I had earlier said to another dinner guest that I was 42. One of the remaining women, called Faith, overheard and said she was pleased to hear I was 42 and pregnant, as she was 41 and was hoping to try for a baby soon.

Faith said that she and her husband are going to try to conceive in the New Year. She has already had her tests which show she has great egg reserve and quality.

I told Faith and Zoe the story about how we conceived our baby. They were both so interested to hear it and got quite emotional about the sweetness of it.

I said I was pleased to hear that Faith’s eggs sounded so viable, as this is half the battle for women trying to conceive in their 40s.  And I would not be surprised if she conceives quickly as Faith is very voluptuous and sexy and looks like someone who is going to fall pregnant easily. The other woman at the table, Zoe, said that her dog gets very ‘excited’ every time he is around Faith and that Faith is the only person who has ever had that effect on him! I’m not sure that that this is something that Faith is very proud of but surely it is some kind of proof that she has all the right hormones buzzing around in her body, creating all the right smells!

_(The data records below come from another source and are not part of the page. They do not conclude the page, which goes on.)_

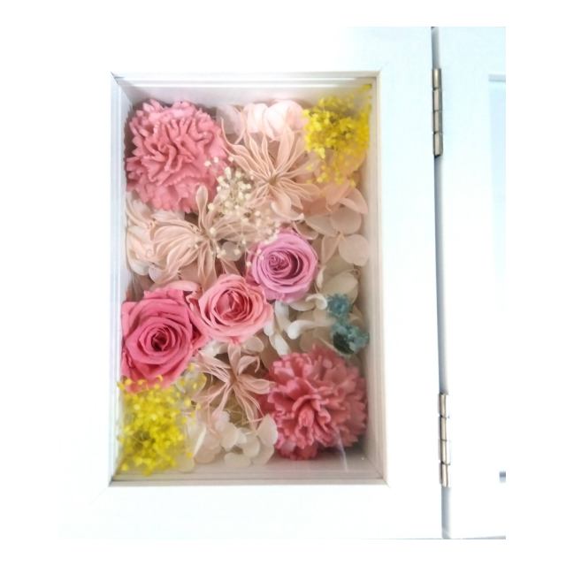 | プリザーブドフラワーバラ×3、ソーラーカーネーション×2、ドライフラワー、リボン、木製フォトボックス |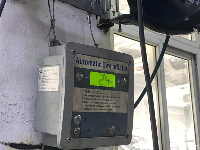 检查了一下胎压在前轮为2.2师傅说也在正常范围,但最好还是和其他轮胎胎压保持一致,避免有磨偏的情况。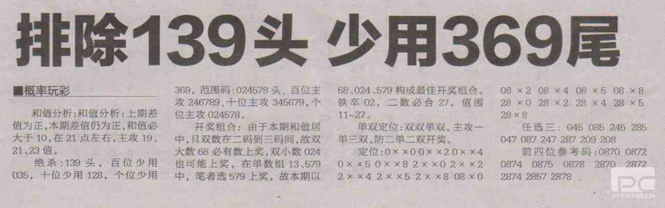 【概率玩彩】第1708期预测信息<特区报>

Some readers will take umbrage at the above assertion, but I do believe that some women just look like they are going to have babies easily because of their roundness, and I’m going to back this up by the somewhat dubious fact that I read somewhere that women with high levels of oestrogen tend to be more voluptuous and fertile.

Whatever the case, Faith looks like she is going to conceive easily and most interestingly, she believes that she will. She said she has always known she would have babies easily.  I found this fascinating to hear, as I have never just believed that I would fall pregnant easily. I remember when I was 12 and had just begun menstruating, thinking that I may not be able to get pregnant easily. Goodness knows why as I had regular periods and was hale, healthy and hearty in every other way. But I just knew in my heart that I may have problems – I never just assumed I would make babies easily.

My husband says he is the same; he somehow knew he may have problems (which he did- he has low sperm count).

So I wonder if people who are infertile, know instinctively that they are? I would love to hear from other infertiles about this.

And I will let you know if Faith conceives quickly in the New Year or not!